Chorioallantoic membrane (CAM) assay was performed according to our previously reported procedure [15]. The experiments were carried out as per the approval of the ethical committee, Department of Pharmacy, University of Malakand, Pakistan according to the animals Bye-Laws 2008 (Scientific Procedure Issue-1). The fertilized domestic chicken eggs were purchased from poultry form Chakdara, Pakistan. The fertilized eggs were incubated for 5–6 days at 37 °C with slowly shaking for at least two to three times a day. After the incubation period, the seven-day old eggs were examined under the flash light for detection of the embryo head. After that a small hole was bored at the narrow end of the eggs and 0.5–1 mL of albumin was sucked with the help of eighteen-gauge hypodermic needle so that yolk sacs fell down from the shell membrane. The shell around the embryo air sac was removed through forceps and the shell membrane at the base of air sac was peel away. On 8th day, a thermanox cover slip was carefully placed on the surface of CAM loaded with different samples for each concentration (10 µL) and were placed in incubator. After 24 to 48 h, the numbers of vessels on the surface of CAM were observed. The numbers of blood vessels in each egg was counted by figuring out the actual number of blood vessels in 1 cm2 area of the CAM adjacent to the sample application site. Vessels radially converging in the direction of the center were counted under a microscope. At least twenty eggs were used for each sample dose.
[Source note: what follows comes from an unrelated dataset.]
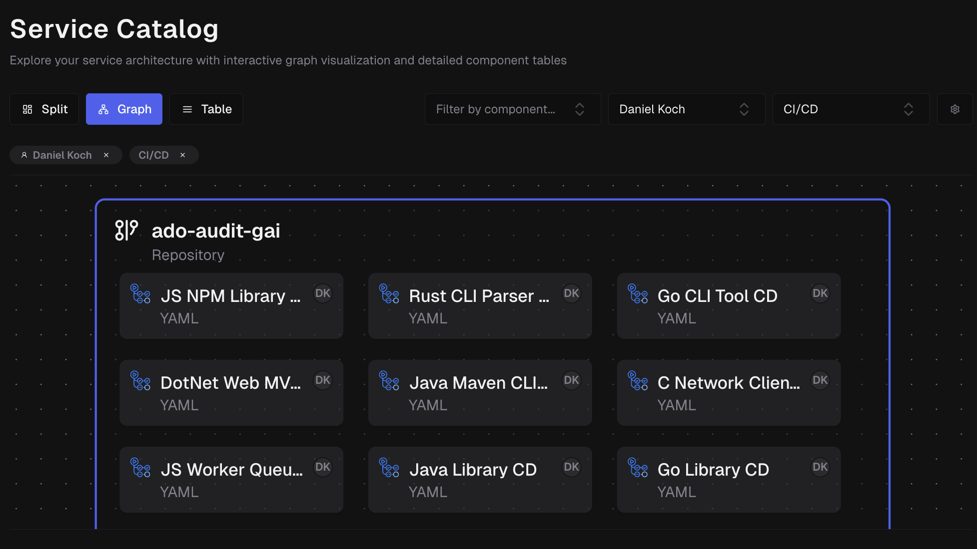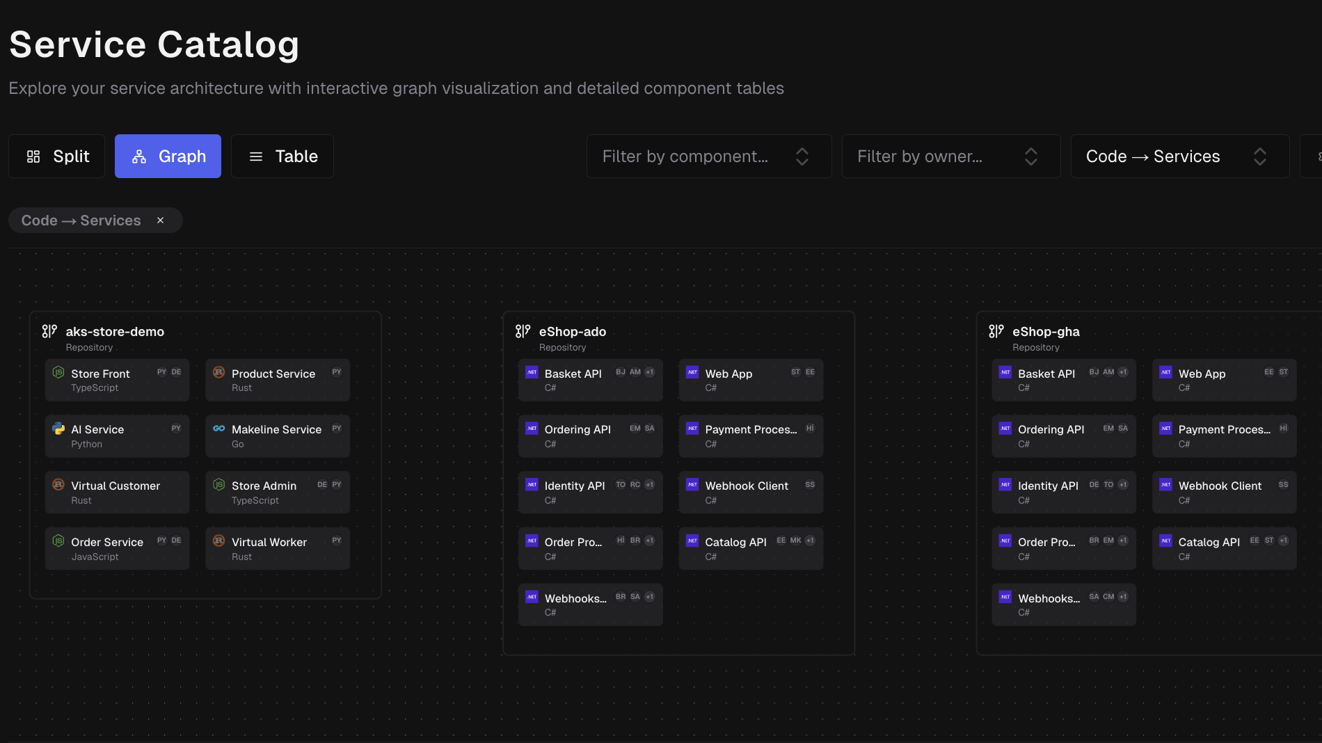 View your Service Catalog as an interactive graph or table with customizable filters to rapidly find what you're looking for.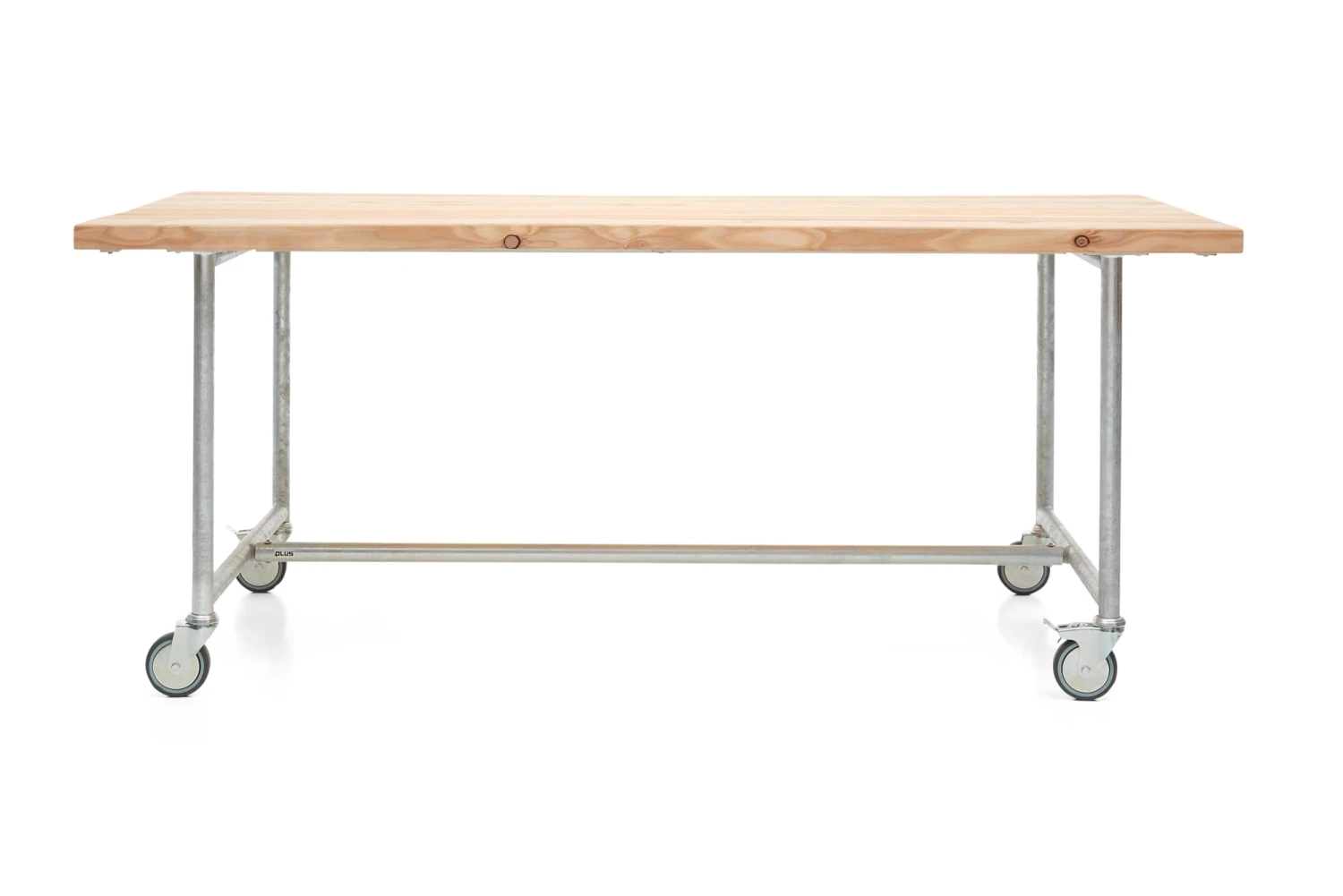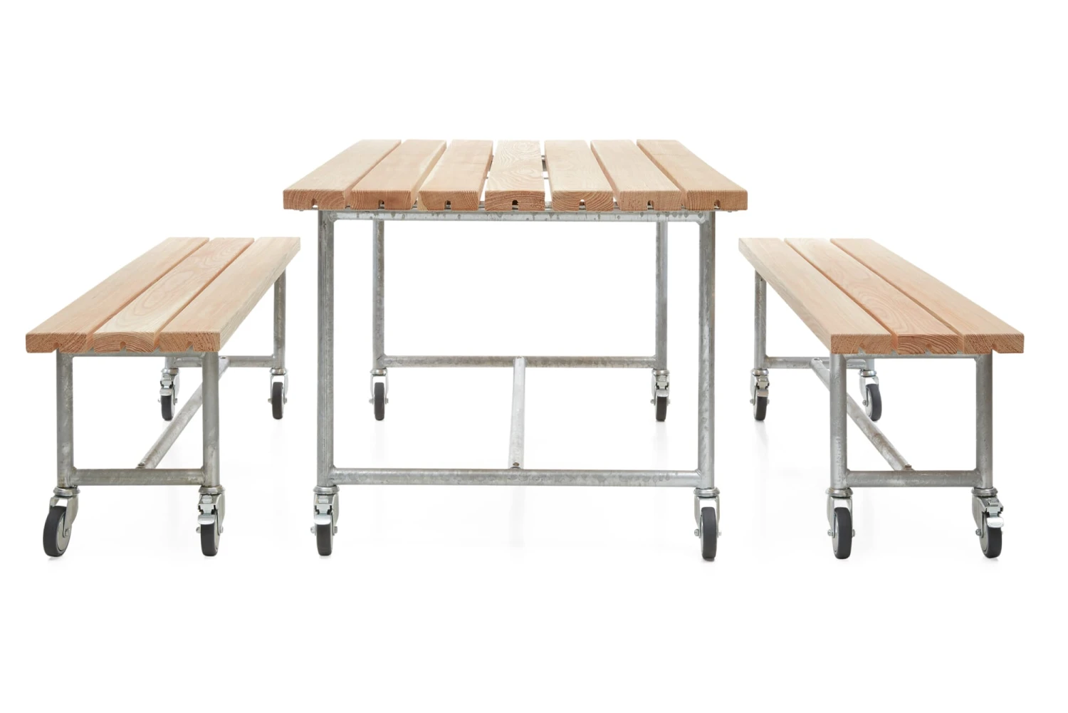 Robust und äußerst strapazierfähig: JÜTLAND zeigt mit seiner industriellen Bauweise auf den ersten Blick, was er kann. Das feuerverzinkte Stahlgestell und seine Beplankung aus druckimprägniertem Massivholz trotzen der Witterung. Der Tisch sowie die dazugehörende Bank sind auf ihren teilweise arretierbaren Rollen leicht in Hof und Garten zu bewegen. Das Möbel wird demontiert geliefert – Stahlgestell sowie die Beplankung müssen einzeln montiert werden.

The % of increase and inhibition were calculated using formula;

$${\text{\% inhibition}} = \frac{{{\text{No}}.\;{\text{of blood vessels }}\left( {\text{Norml Saline}} \right) - {\text{No}}.\;{\text{of blood vessles }}\left( {\text{Test Sample}} \right)}}{{{\text{No}}.{\text{of blood vessels }}\left( {\text{Norml Saline}} \right)}} \times 100$$

Median inhibitory concentrations (IC50) for anti-angiogenic assay were calculated via regression analysis of dose response curve by adding all the concentration and percent activity.

Docking studies

Docking studies were carried out using Molecular Operating Environment [27] software. Crystal structures of DNA and Human Thymidylate Synthase (TS) was retrieved from Protein Data Bank with code numbers 3LPV and 1JU6 respectively. Validation of docking procedure was carried out by using re-dock method. Ligand and DNA/enzyme preparation, active site determination and docking procedure was carried out by using our previously reported procedures [3, 15]. The lowest energy minimized pose was used for further analysis. Ligand-interaction module of MOE was used to calculate the 2D ligand–enzyme interactions. The view of the docking results and analysis of their surface with graphical representations were done using MOE and discovery studio visualizer [12].

Results and discussion

Isolation and Characterization of benzofuran derivatives

The ethyl acetate fraction of P. barbatum upon column chromatography gave three benzofuran derivatives (1–3). Using various spectroscopic analyses and published literature, the structures of isolated compounds were determined.

Compound 1

Compound 1, a white gummy solid having molecular formula C24H26O8 as suggested by molecular ion peak of 442.1621 in HR-EI-MS was obtained by repeated chromatography. Other m/z peaks were obtained at 442, 414, 396, 370, 338, 306, 264, 180, 140, 126, and 96. The UV spectrum showed absorption bands at λmax 306 (2.4) and 220 (3.4) nm while IR spectrum showed absorption at 3036, 2810, 1734, 1440, 1204 cm−1 suggesting the presence of alkene, ester, and alkyl aryl ether moiety.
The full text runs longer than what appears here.